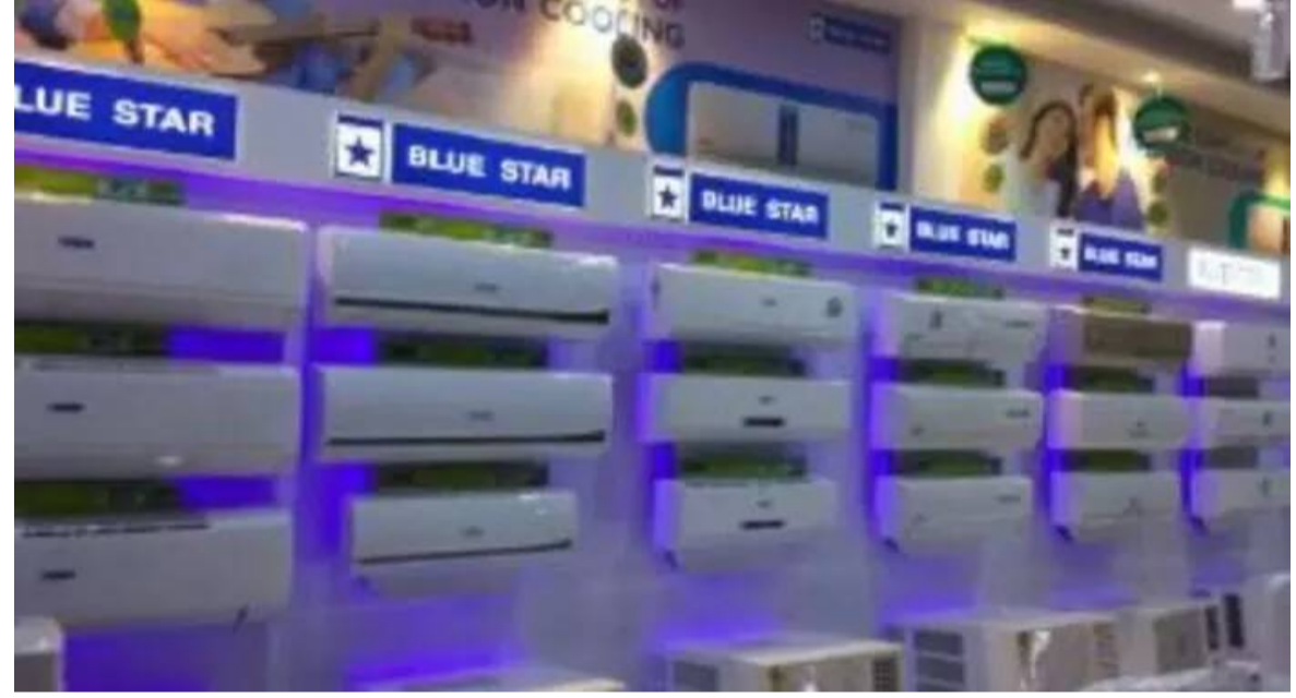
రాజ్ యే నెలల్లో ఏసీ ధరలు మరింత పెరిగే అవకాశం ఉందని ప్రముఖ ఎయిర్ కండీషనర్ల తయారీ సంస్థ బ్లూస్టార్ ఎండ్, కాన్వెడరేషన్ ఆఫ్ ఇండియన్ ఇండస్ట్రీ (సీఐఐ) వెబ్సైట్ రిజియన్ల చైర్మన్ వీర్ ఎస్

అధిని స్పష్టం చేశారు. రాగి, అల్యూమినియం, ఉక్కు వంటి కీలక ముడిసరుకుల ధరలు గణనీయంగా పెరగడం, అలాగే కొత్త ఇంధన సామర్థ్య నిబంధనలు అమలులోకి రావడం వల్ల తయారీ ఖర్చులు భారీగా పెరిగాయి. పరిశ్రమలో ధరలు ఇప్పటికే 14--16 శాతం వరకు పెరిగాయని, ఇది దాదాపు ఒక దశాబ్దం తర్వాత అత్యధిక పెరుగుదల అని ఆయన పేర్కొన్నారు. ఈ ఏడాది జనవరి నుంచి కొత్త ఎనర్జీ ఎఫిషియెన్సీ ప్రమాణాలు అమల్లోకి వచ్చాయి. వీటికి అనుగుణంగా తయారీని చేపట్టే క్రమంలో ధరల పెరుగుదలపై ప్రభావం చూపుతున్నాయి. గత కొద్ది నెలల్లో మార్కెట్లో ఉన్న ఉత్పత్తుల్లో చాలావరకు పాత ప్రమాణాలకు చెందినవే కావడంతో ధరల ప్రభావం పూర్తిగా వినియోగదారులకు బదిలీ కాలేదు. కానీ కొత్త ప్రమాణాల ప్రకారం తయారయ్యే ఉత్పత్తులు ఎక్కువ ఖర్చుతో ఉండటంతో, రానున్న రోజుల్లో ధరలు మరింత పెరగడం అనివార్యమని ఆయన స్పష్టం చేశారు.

#####

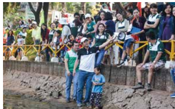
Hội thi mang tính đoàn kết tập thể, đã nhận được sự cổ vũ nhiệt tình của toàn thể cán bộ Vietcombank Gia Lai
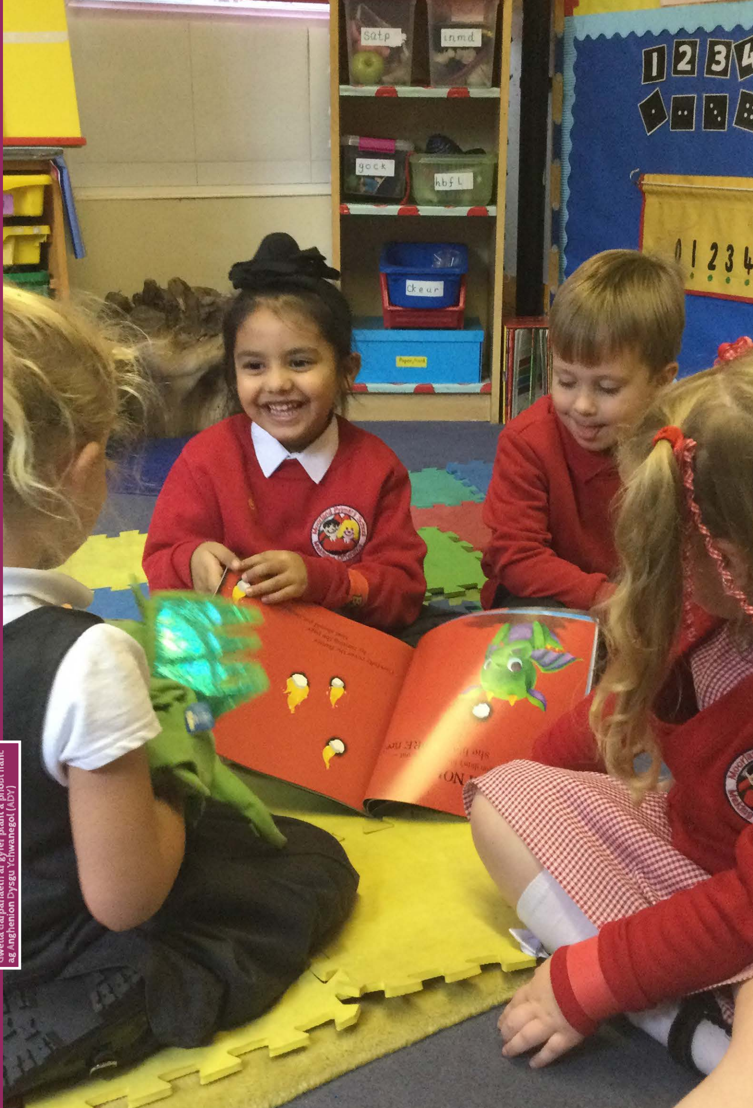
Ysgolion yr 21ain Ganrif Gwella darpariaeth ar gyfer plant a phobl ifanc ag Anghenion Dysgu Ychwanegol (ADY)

#####

--- Work request ---
The listing above holds a line with "రాజ్ యే నెలల్లో" and a line with "అధిని స్పష్టం చేశారు.". Print the stretch from the first through the second, exactly and alone.

--- Problem solution ---
రాజ్ యే నెలల్లో ఏసీ ధరలు మరింత పెరిగే అవకాశం ఉందని ప్రముఖ ఎయిర్ కండీషనర్ల తయారీ సంస్థ బ్లూస్టార్ ఎండ్, కాన్వెడరేషన్ ఆఫ్ ఇండియన్ ఇండస్ట్రీ (సీఐఐ) వెబ్సైట్ రిజియన్ల చైర్మన్ వీర్ ఎస్

అధిని స్పష్టం చేశారు. రాగి, అల్యూమినియం, ఉక్కు వంటి కీలక ముడిసరుకుల ధరలు గణనీయంగా పెరగడం, అలాగే కొత్త ఇంధన సామర్థ్య నిబంధనలు అమలులోకి రావడం వల్ల తయారీ ఖర్చులు భారీగా పెరిగాయి. పరిశ్రమలో ధరలు ఇప్పటికే 14--16 శాతం వరకు పెరిగాయని, ఇది దాదాపు ఒక దశాబ్దం తర్వాత అత్యధిక పెరుగుదల అని ఆయన పేర్కొన్నారు. ఈ ఏడాది జనవరి నుంచి కొత్త ఎనర్జీ ఎఫిషియెన్సీ ప్రమాణాలు అమల్లోకి వచ్చాయి. వీటికి అనుగుణంగా తయారీని చేపట్టే క్రమంలో ధరల పెరుగుదలపై ప్రభావం చూపుతున్నాయి. గత కొద్ది నెలల్లో మార్కెట్లో ఉన్న ఉత్పత్తుల్లో చాలావరకు పాత ప్రమాణాలకు చెందినవే కావడంతో ధరల ప్రభావం పూర్తిగా వినియోగదారులకు బదిలీ కాలేదు. కానీ కొత్త ప్రమాణాల ప్రకారం తయారయ్యే ఉత్పత్తులు ఎక్కువ ఖర్చుతో ఉండటంతో, రానున్న రోజుల్లో ధరలు మరింత పెరగడం అనివార్యమని ఆయన స్పష్టం చేశారు.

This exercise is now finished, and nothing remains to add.